601-707-7726 info@excelby5.com

By Leana Mitchell
Daily Journal Corinth Bureau

CORINTH – The Corinth-Alcorn County Excel By 5 program has reached 76 percent completion of certification requirements and is seeking volunteers to help achieve the certification goal by 2014.

“Our volunteers will help build partnerships and get the message out at events that ‘90 percent of the human brain develops between birth and age five,’” said Susan O’Connell, Excel By 5 certification manager.

 

Work in the program’s four focus areas of community involvement, family and parent support, early care and education and health has been ongoing with the help of many community organizations.

• Magnolia Regional Health Center: The Excel By 5 reading elves read stories to children at the hospital’s Winter Wonderland, this year planned for Dec. 14. The hospital also provides CPR training to the child care providers, and the health focus group, led by Penny McDonald of MRHC and organizes the annual Excel By 5 health fair at the Alcorn County Fair. The hospital also distributes about 50 newborn bags to parents of newborns each month.

• Alcorn County and Corinth school districts: Denise Webb-Harrell and Tanya Nelson are building relationships with child care providers through partner meetings. The districts also award necessary continuing education units to child care providers for training they receive.

• The Alliance: Andrea Rose and Gary Chandler have rallied support from the community business leaders and civic organizations.

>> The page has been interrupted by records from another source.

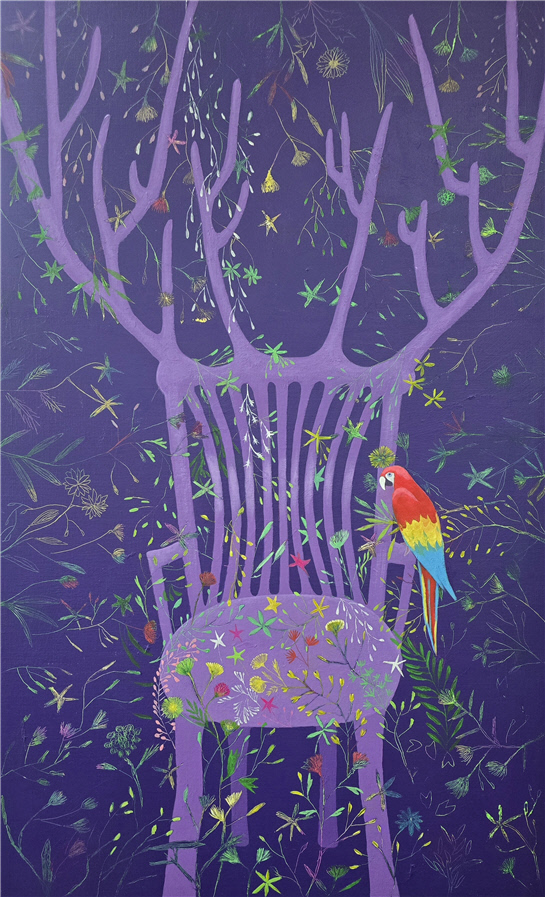 ‘Res’t(쉼)은 다양한 꽃들이 에둘러 피어 있는 의자에 앉아 있는 새를 초점화한 작품이다. 새가 머물며 쉬고 있는 풍경은 훼손되지 않는 순수한 자연을 대변한다. 관객들은 마치 자신을 화폭 속에 깃든 한 마리 새로 치환하는 ‘전도’의 느낌을 받는다. 빠르면서도 두툼한 붓질이 묘사해낸 자연과 인간 내면의 강한 생명력이 조화롭게 구현돼 있다.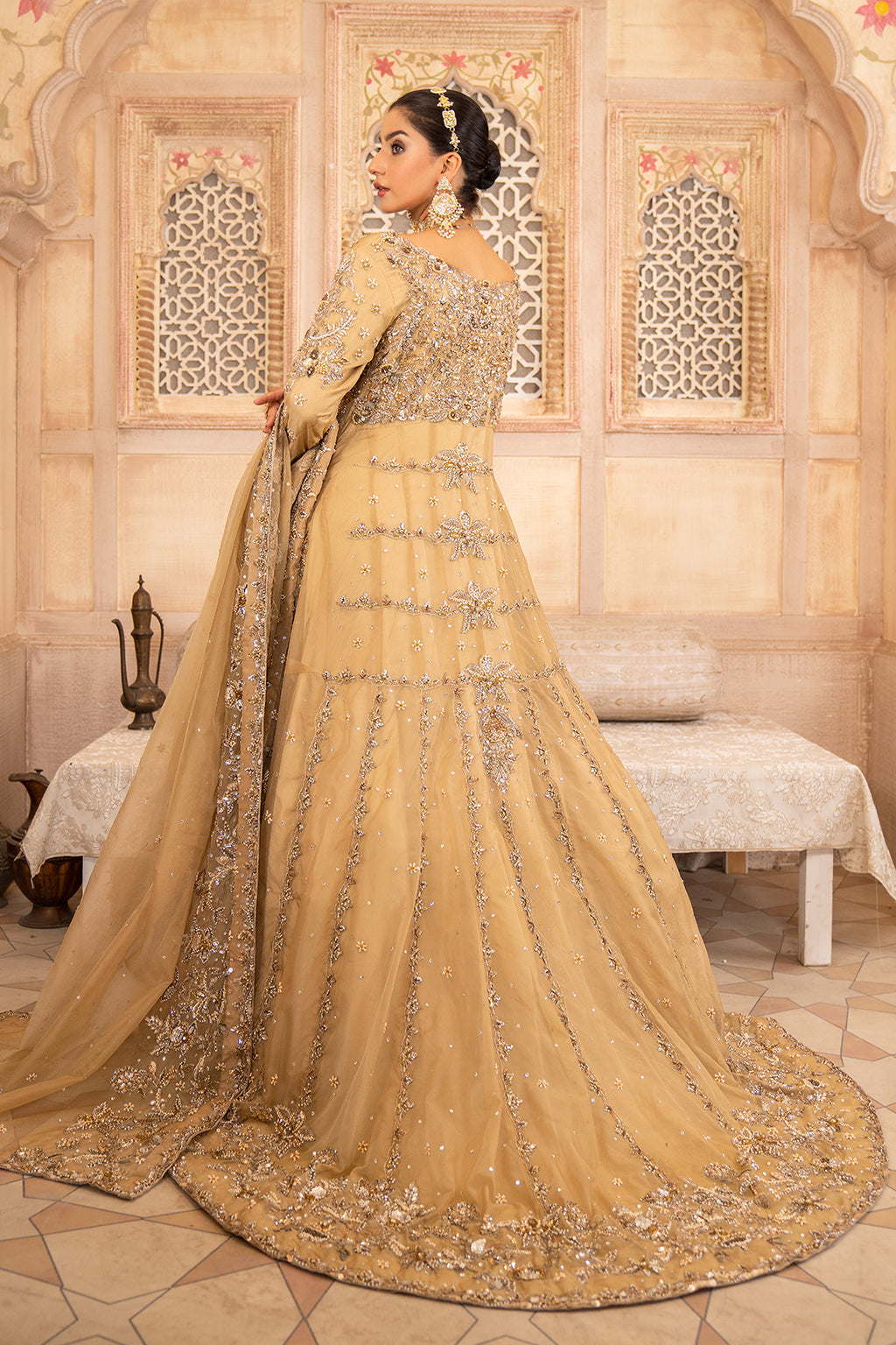 Made in pure golden organza, full-length with a dramatic trail at the back—perfect for a grand entrance.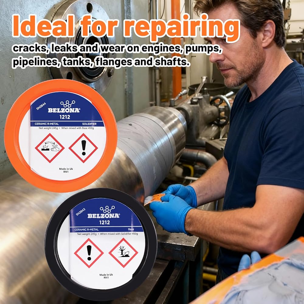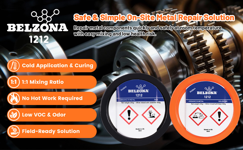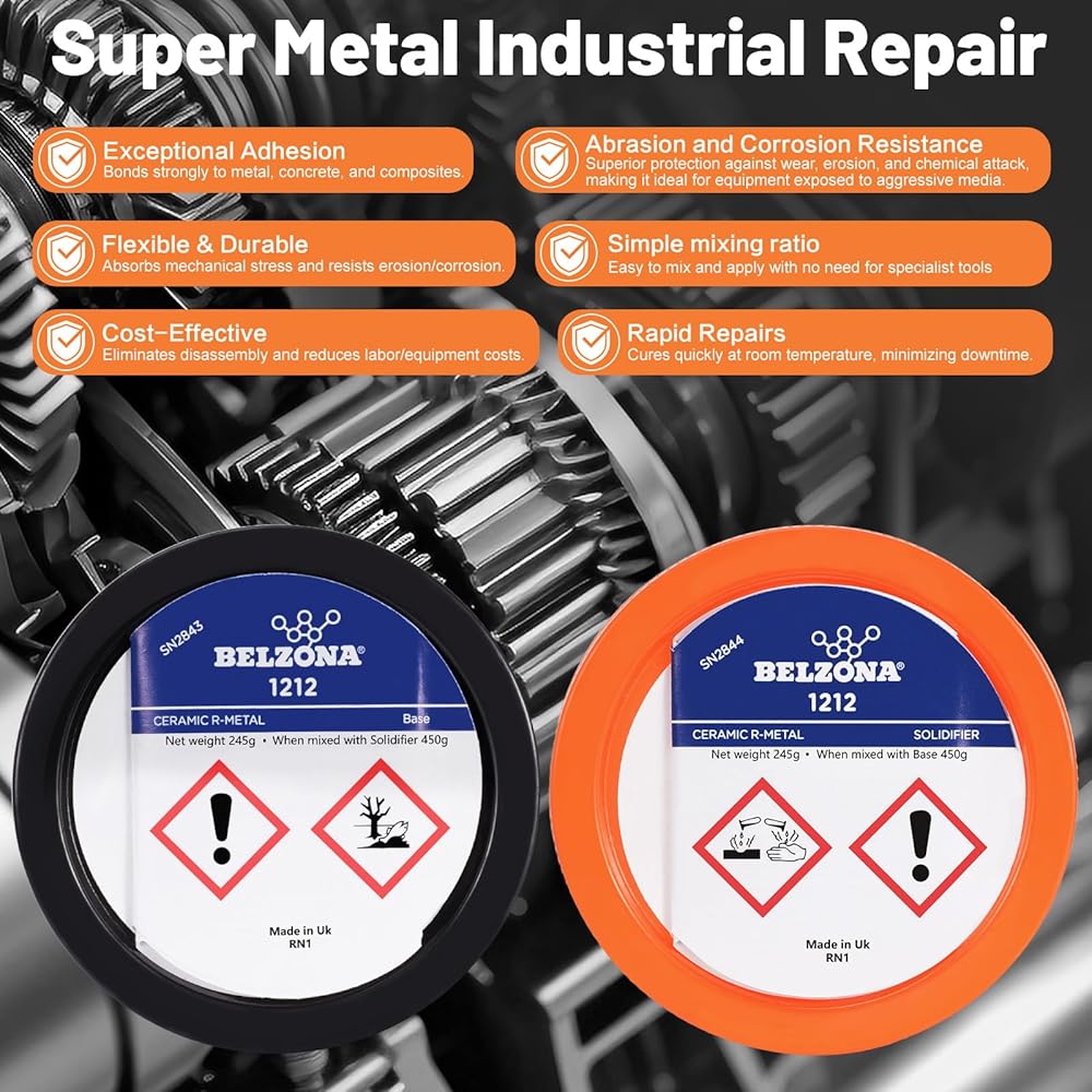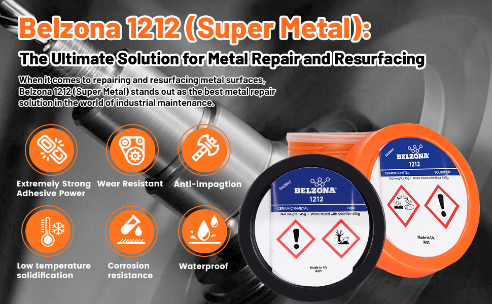 • [Belzona 1212] Surface Tolerant Epoxy Repair Composite. 450g one Kit, Two Parts Base A 205g + Solidifier B 245g. Used for emergency in-situ metal repair on oil-contaminated, wet, and underwater substrates. Rapid curing and excellent adhesion.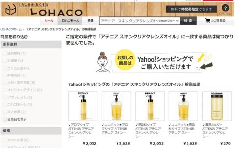 LOHACOには在庫がなく、代わりにYahoo!ショッピングでご購入いただけます」というリンクが表示されました。
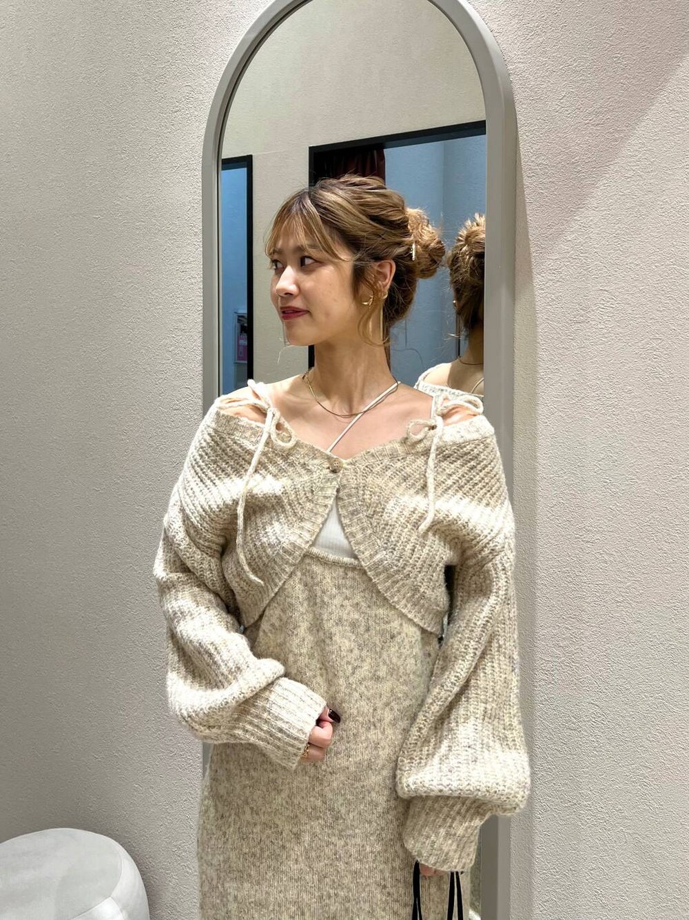 ご覧頂きありがとうございます🫧 先日の店頭コーディネートです🧸🧺アイボリーも透け感なくお使い頂けるので、中のキャミワンピースのみでも着用可能です🤍⿻ 3色どれも可愛くて、色んな系統の方が着用して頂けます!また、肩のリボンの部分で調整でき、色んなご身長の方が挑戦出来るアイテムです! も毎日更新中🪔♡ 良かったらご覧頂けると嬉しいです!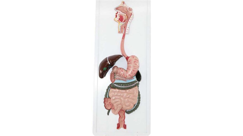✔️ המחשה תלת-ממדית מפורטת וברורה של איברי מערכת העיכול.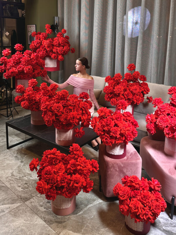 | В составе | Антуриум ,Гвоздика ,Леувенбек ,Лизиантус (эустома) ,Малина ,Молюцелла ,Пион ,Роза французская |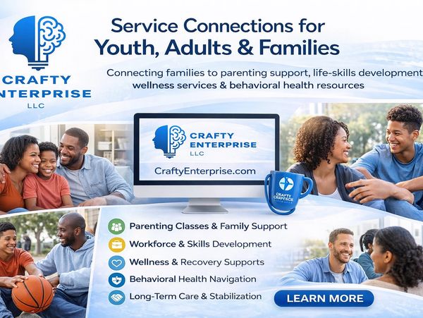 In addition to our training and mentorship work, Crafty Enterprise LLC provides resource and service connections for both youth and adults. We support individuals and families by linking them to trusted community partners and programs that address:

• Kiwanis: Donated money to buy items for newborn bags that include items central to the Excel By 5 philosophy that encourage parents to talk, touch, read and play with their child.

“These four points emphasize the simple ways families can jump-start brain development, even in infancy,” O’Connell said. “Research has shown that 90 percent of a baby’s brain is developed before they ever enter a kindergarten classroom.”

Many people in the community, beyond those specifically mentioned, have been very instrumental in the program’s progress thus far, O’Connell said, and others are needed to get the program to its goal.